*Excerpted records*.

_ _ _ _

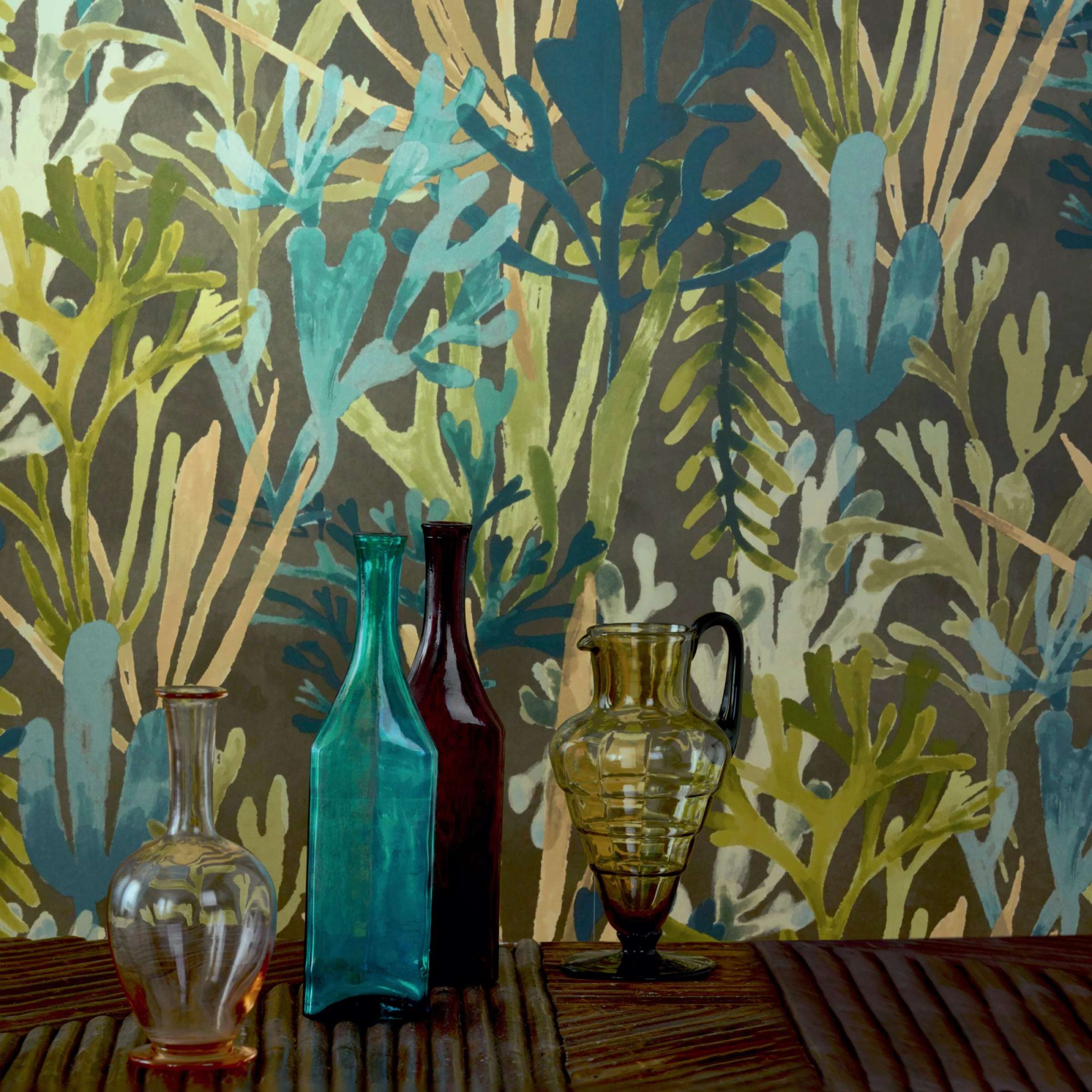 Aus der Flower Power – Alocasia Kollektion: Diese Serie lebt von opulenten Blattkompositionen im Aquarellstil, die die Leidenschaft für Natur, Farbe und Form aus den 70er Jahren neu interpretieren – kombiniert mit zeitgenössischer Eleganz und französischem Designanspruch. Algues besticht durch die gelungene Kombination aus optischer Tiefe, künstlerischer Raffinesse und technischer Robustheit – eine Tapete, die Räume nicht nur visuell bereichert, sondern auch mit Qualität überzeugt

_ _ _ _

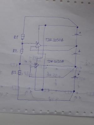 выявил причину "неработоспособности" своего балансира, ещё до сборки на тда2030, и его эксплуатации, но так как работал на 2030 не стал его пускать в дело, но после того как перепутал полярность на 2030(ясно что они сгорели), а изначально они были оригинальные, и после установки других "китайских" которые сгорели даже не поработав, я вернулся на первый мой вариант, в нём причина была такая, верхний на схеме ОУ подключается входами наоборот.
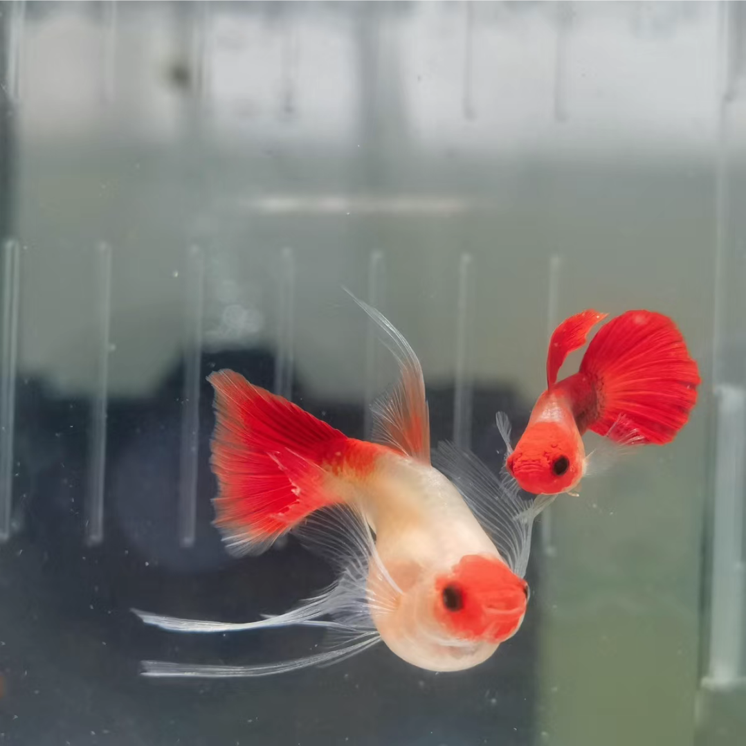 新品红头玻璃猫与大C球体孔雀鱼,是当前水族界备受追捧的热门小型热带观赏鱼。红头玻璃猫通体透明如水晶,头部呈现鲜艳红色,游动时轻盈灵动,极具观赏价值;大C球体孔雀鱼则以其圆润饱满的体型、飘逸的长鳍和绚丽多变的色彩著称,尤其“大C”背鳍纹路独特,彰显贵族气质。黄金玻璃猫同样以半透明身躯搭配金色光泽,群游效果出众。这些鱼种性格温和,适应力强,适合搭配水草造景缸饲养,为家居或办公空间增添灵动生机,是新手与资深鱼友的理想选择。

_ _ _ _

*What you will do*.
Within the listing above, copy exactly the lines that start at the one with "подключается входами наоборот." and continue through the one with "新品红头玻璃猫与大C球体孔雀". Omit pictures.

*Result of this task*.
 выявил причину "неработоспособности" своего балансира, ещё до сборки на тда2030, и его эксплуатации, но так как работал на 2030 не стал его пускать в дело, но после того как перепутал полярность на 2030(ясно что они сгорели), а изначально они были оригинальные, и после установки других "китайских" которые сгорели даже не поработав, я вернулся на первый мой вариант, в нём причина была такая, верхний на схеме ОУ подключается входами наоборот.
 新品红头玻璃猫与大C球体孔雀鱼,是当前水族界备受追捧的热门小型热带观赏鱼。红头玻璃猫通体透明如水晶,头部呈现鲜艳红色,游动时轻盈灵动,极具观赏价值;大C球体孔雀鱼则以其圆润饱满的体型、飘逸的长鳍和绚丽多变的色彩著称,尤其“大C”背鳍纹路独特,彰显贵族气质。黄金玻璃猫同样以半透明身躯搭配金色光泽,群游效果出众。这些鱼种性格温和,适应力强,适合搭配水草造景缸饲养,为家居或办公空间增添灵动生机,是新手与资深鱼友的理想选择。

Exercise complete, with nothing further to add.